Inside the front cover there are 5 marks: a shield with the numbers "56/14K/0.585" inside; a flower (maybe a rose) with two leafs, one on each side of the stem; a circle with what looks like a crown inside; a small round mark with something inside that looks like an eagle, dolphin, monkey or bird (too warn to accurately make out) and a cylindrical mark with what may be a squirrel inside.

The face may be white porcelain with gold dots on the minutes and gold diamond pyramids on the 5 minute marks and the pendant at 3 o'clock.

The movement's only markings are a capital "R" and "A" with a 3-prong fleur-de-lis or what my husband calls a "chicken-foot" in between the two letters. Underneath the "R" and "A" are the Roman Numerals II or III.

The case side facing the movement has the same markings as the inside case facing the watch-face mentioned above.

The back side of that cover has 10 marks and "No 94271". The 10 marks are visible in the included photo.

Inside the very back cover are the same 5 marks as found inside the front cover with the number "94271".

On the back of the case is an engraving: "1913" with the number 11 over Roman Numeral IV in the middle of that date. Following that is what may be a name engraved in fancy font, my best guess at the letters is "Napamiutne".

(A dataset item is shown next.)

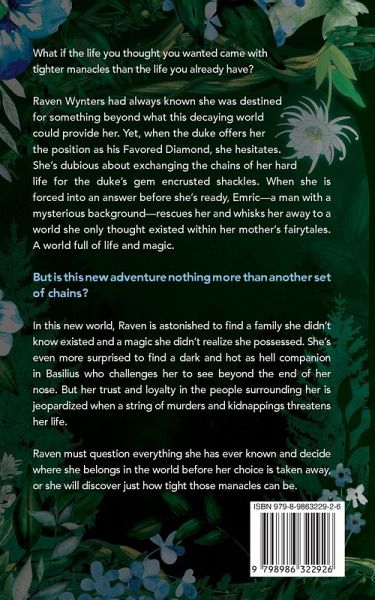 What if the life you thought you wanted came with tighter manacles than the life you already have? Raven Wynters had always known she was meant for more than this dying world had to give her. But when the duke offers her the position as his Favored Diamond, she hesitates. She's skeptical about swapping the chains of her hard life for the duke's gem encrusted shackles. When she is forced into an answer before she's ready, Emric-a man with a mysterious background-rescues her and whisks her away to a world she only thought existed within her mother's fairytales. A world full of life and magic. But is this new adventure simply another set of chains? In this new world, Raven is astonished to discover a family she didn't know existed and a magic she didn't realize she possessed. She's even more surprised to find a dark and hot as hell companion in Basilius who challenges her to see beyond the end of her nose. But her trust and loyalty in the people surrounding her is jeopardized when a string of murders and kidnappings threatens her life. Raven must question everything she has ever known and decide where she belongs in the world before her choice is taken away, or she will learn just how tight those manacles can be.

Thank you so much for any info you can share with me. Ana


----------



## harryblakes7 (Oct 1, 2010)

Interesting watch Ana............ obviously 14K gold, with two rubies and possibly an old cut diamond, you would have to get the stones tested to verify it, which is a 5 second job with a diamond tester....................fitted with an average movement, have not heard of Henry Watch, the greek symbols in the back are usually die stamped rather than engraved...............hope that helps...........


----------



## remb1000 (Jan 17, 2012)

Hello 

That's a beautiful watch I must say.

I too have not heard of this "Henry Watch" before!

Well as Harry all ready stated, it is definitly solid 14k gold.

That white stone is most likely a diamond, the other two red ones are most likely rubis/emeralds/saphire.

Im not great with precious stones but I can bet that the ones sunk in your watch case are genuine.

It was not uncommon to see diamonds sunk into old gold pocket watch cases.

You should have this check by a specialist.

Bring to a few different places to get several opinions.

This in turn will give you a fairly good idea about what your dealing with.

And please whatever you do not let this watch go to some watch maker or pawnshop owner who makes you a quick offer.

I think this is a pretty special piece so take the time to find out what you can about it and find out it's true value.

Best of luck with it anyways.

Take care


----------



## tixntox (Jul 17, 2009)

I have just noticed that the advance/retard lever is right over to retard, which indicates that the watch was probably running fast (a sign of needing a service). Don't run the watch until it is serviced as the oils will probably have dried out and running with no lubrication will not do it any good.

Regards

mike


----------